Fig. 1: Crystal structure of YbMnBi₂, schematic Fermi surface, and experimental setups.

a The spins of Mn atoms in single crystal YbMnBi₂ are antiparallel within the ab plane, slightly canted along the [110] direction, and ferromagnetically stacked along the c axis. b Schematic depiction of the Fermi surface near the Weyl points. The Fermi surface is extremely elongated along the c direction, while the Fermi velocity (indicated by the color) is much larger in the ab plane.

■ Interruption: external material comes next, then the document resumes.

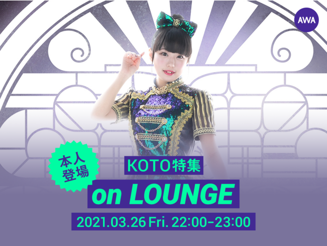 AWA株式会社(本社:東京都港区、代表取締役CEO:冨樫晃己)が運営する、サブスクリプション型(定額制)音楽ストリーミングサービス「AWA(アワ)」は、ユーザー同士がリアルタイムに同じ空間で同じ音楽を楽しみながら、チャットができるオンライン空間『LOUNGE』で、2021年3月26日(金) 22:00~23:00に、圧倒的なダンススキルを武器に独自の世界観を発信してきたソロアイドルKOTO本人が登場する特集イベントを開催いたします。
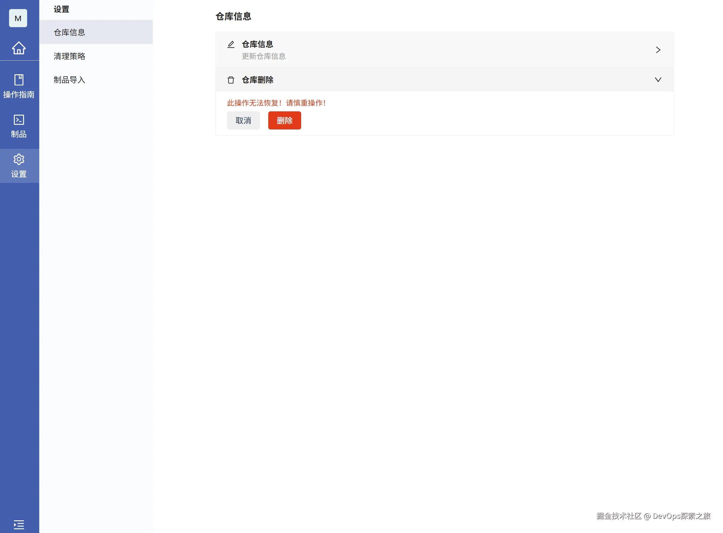 进入制品库,点击仓库设置找到仓库删除点击删除即可。

Note that this image is broadened in the \({{{{\boldsymbol{k}}}}}_{{{{\boldsymbol{x}}}}}\)-\({{{{\boldsymbol{k}}}}}_{{{{\boldsymbol{z}}}}}\) plane for visual clarity; the actual aspect ratio of the Fermi surface is closer to 200:1. c A schematic drawing of the experimental configuration of the Nernst effect measurement, in which magnetic field H was applied along the spin canting direction [110], heat flux j_Q was along \([1 \bar{1} 0]\), and recorded transverse voltage V was along [001]. d A schematic drawing of the experimental configuration of the thermal Hall measurement, in which magnetic field H was applied along the spin canting direction [110], heat flux j_Q was along \([1\bar{1}0]\), and the transverse temperature difference ∆_yT was obtained through the subtraction of the readouts of the two transverse thermometers, which is T₃ – T₂ in this setup. e A schematic drawing of the experimental setup of the electrical Hall experiment, in which external magnetic field H was along the spin canting direction [110], applied current flow I was along \([1 \bar{1} 0]\), and measured transverse voltage V was along [001]. f A schematic drawing of the experimental setup of a separate electrical transport experiment, in which external magnetic field H was along the spin canting direction [110], applied current flow I was along [001], and measured voltage V was also along [001].